Bea Johnson, the author of Zero Waste Home recommends repurposing everyday items you use at home for vacation use. "I bring my own earbuds and a peshtemal, which I use as a towel at the beach, a picnic blanket in a park, or a scarf when it gets cold, but also a blanket on the plane, so I don't have to use those provided by the airlines which are wrapped in plastic."

Spend your money locally

A male and female traveller hold chapatis while posing with a woman leading a cooking course
Social enterprise tour company I Like Local connects travellers with local experiences © I Like Local

If you choose locally-owned accommodation, eat at independent restaurants, buy locally made products and choose local experiences you can make a positive impact. Travel social enterprises such as I Like Local use tourist dollars to create sustainable incomes for local guides and hosts in 19 countries across Asia and Africa. Founder Sanne Meijboom tells Lonely Planet, "As many local people in Asia and Africa are not benefiting from tourism in their country and more travellers are looking for authentic travel experiences, we connect the dots. A traveller like you can join local life and the local person earns 100% of the money he asks for the experience."

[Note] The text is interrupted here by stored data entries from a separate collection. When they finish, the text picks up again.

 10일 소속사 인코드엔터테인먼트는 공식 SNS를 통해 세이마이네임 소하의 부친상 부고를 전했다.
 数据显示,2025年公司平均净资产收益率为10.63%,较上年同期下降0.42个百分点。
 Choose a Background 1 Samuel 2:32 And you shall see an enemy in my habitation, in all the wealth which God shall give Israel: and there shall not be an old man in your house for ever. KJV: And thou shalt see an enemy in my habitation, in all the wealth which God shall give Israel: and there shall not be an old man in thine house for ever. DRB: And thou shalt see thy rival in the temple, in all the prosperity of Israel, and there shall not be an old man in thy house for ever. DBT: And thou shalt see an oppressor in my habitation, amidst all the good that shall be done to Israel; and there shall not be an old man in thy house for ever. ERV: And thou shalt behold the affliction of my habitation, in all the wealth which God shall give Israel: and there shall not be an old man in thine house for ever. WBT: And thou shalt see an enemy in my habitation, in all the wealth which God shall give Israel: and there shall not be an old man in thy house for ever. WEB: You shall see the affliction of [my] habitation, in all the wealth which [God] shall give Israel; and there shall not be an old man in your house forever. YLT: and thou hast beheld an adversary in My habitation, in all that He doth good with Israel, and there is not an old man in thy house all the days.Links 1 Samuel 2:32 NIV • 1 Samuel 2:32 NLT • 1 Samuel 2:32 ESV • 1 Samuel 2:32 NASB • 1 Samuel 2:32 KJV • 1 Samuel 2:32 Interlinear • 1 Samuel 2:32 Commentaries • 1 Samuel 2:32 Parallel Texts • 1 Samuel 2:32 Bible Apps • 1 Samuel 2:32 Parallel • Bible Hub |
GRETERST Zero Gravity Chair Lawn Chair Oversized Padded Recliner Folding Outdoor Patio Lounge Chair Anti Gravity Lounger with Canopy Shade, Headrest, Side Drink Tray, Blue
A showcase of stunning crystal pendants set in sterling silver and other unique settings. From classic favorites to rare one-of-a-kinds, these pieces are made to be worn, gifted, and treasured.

Colombian tour company Impulse also has a social enterprise mission and harnesses the power of tourism to generate a market-driven peace movement. "We do this by creating experiences travellers love and which actively involve local communities thriving for peace in the business. This generates economic and cultural empowerment that supports social transformation and helps break material and psychological poverty cycles within the communities," says Impulse's Nikola Kelch. "Our passion is to help communities get back on their feet, one tour at a time."

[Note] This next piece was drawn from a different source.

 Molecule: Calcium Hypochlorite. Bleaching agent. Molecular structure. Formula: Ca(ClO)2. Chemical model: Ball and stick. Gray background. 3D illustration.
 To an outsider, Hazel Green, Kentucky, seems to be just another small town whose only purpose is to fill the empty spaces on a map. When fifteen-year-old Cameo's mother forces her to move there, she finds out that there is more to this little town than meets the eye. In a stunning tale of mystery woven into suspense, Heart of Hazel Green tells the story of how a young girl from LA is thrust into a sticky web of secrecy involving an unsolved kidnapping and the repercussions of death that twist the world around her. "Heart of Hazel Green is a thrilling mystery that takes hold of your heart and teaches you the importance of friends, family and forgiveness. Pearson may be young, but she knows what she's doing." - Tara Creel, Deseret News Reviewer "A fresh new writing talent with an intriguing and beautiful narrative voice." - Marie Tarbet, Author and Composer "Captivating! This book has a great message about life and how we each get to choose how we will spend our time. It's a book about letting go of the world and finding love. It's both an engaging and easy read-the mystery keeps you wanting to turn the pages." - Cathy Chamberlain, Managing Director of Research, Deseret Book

Choose your animal experiences carefully

It's tempting to be like Kim Kardashian and pose with wildlife for Instagram to capture the moment for friends and family back home but think before you post. Kim's photo received a storm of backlash when it appeared the elephant she was posing with in Bali was being mistreated. Regardless, even 'harmless' selfies can be threatening to wildlife. According to the charity World Animal Protection (WPA), animals in the Amazon “are being torn from the wild so tourists can take selfies for Instagram and other social media”.

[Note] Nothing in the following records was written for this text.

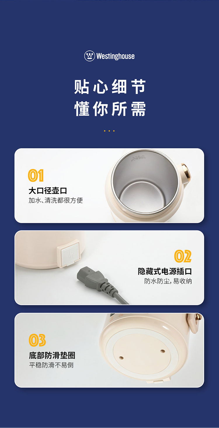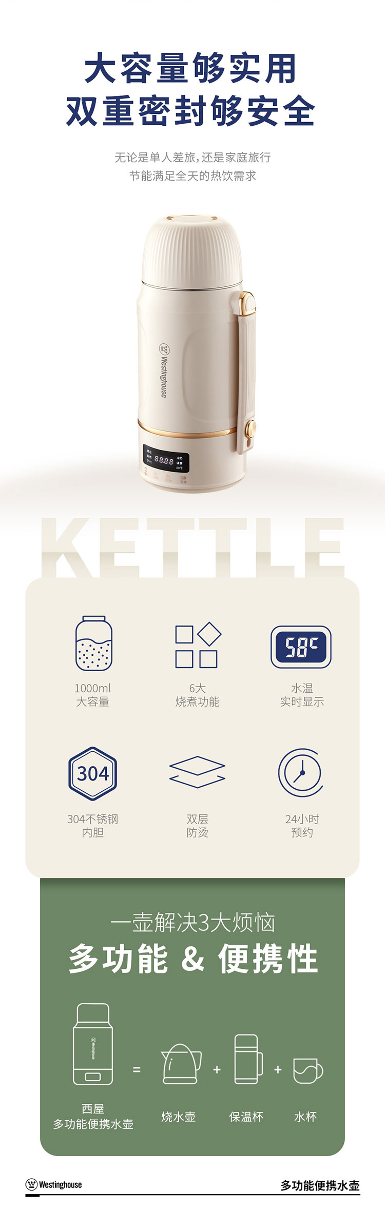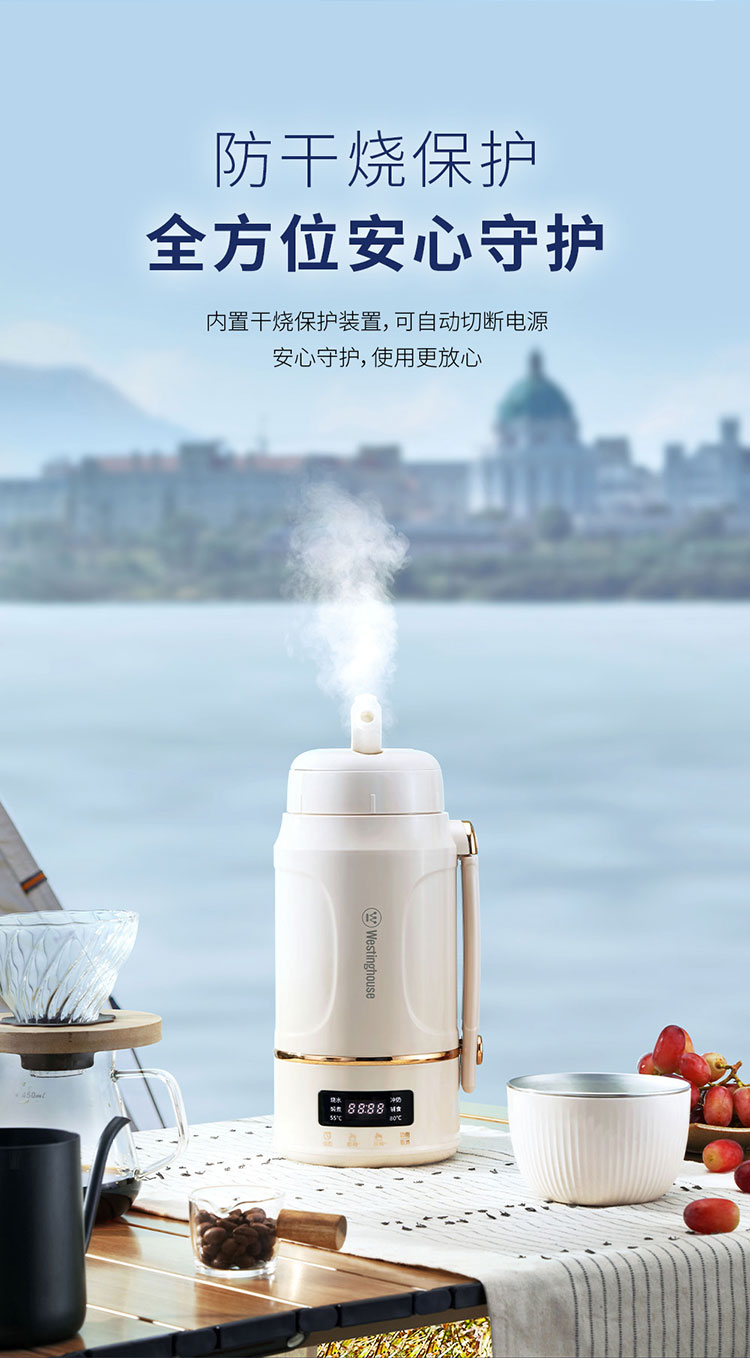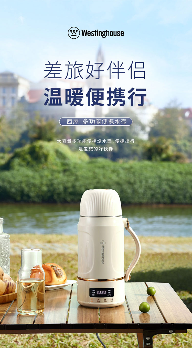 商品名称:(世星阳光)+WY西屋 多功能便携水壶 1L WEK12A 双层防烫杯盖可做水杯或餐碗
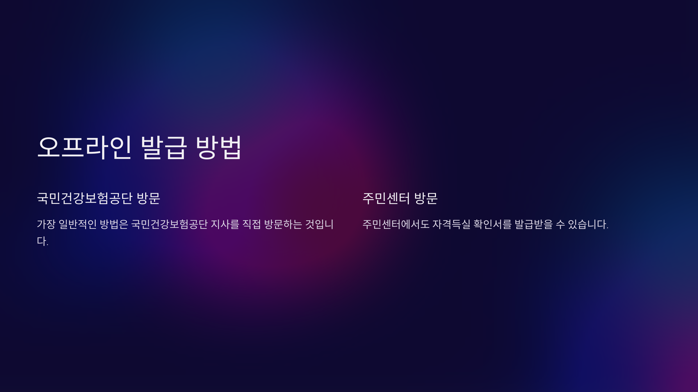 오프라인 발급은 즉시 처리되므로 긴급한 경우 유용합니다.
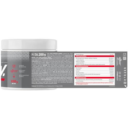 SUPER SUPER Pump Vasodilators [L-Arginine Alpha-Ketoglutarate; Citrulline Malate; L-Arginine Malate; ViNitrox™: Grape (Vitis vinifera) and Apple Extract (Malus pumila)] (41.6%); AGGRESSIVE Energy Maximizer [beta-alanine; L-tyrosine; taurine; anhydrous caffeine; grapefruit extract (Citrus paradisi) [98% naringenin]] (27.0%); WORKOUT Creatine Surge [creatine monohydrate; tri-creatin malate; creatine ethyl ester] (25.0%); flavourings; acidity regulators (malic acid, citric acid); anti-caking agent (silicon dioxide); sweetener (sucralose).

Animals shouldn't be used for human entertainment and they need to live as free from human interference as possible. If you are keen to see wild animals in their natural habitat, choose places that offer ethical and sustainable animal interactions such as elephant sanctuaries and marine conservation volunteer projects. Elephant rides should always be given a miss and avoid all experiences where animals are behaving unnaturally.

The best way to travel sustainably is to be more mindful. As Responsible Travel's Justin Francis sums it up, "There is just one key point to keep in mind: respect the fact that you’re holidaying in someone else’s home, and think about how you can make a positive impact while you’re there."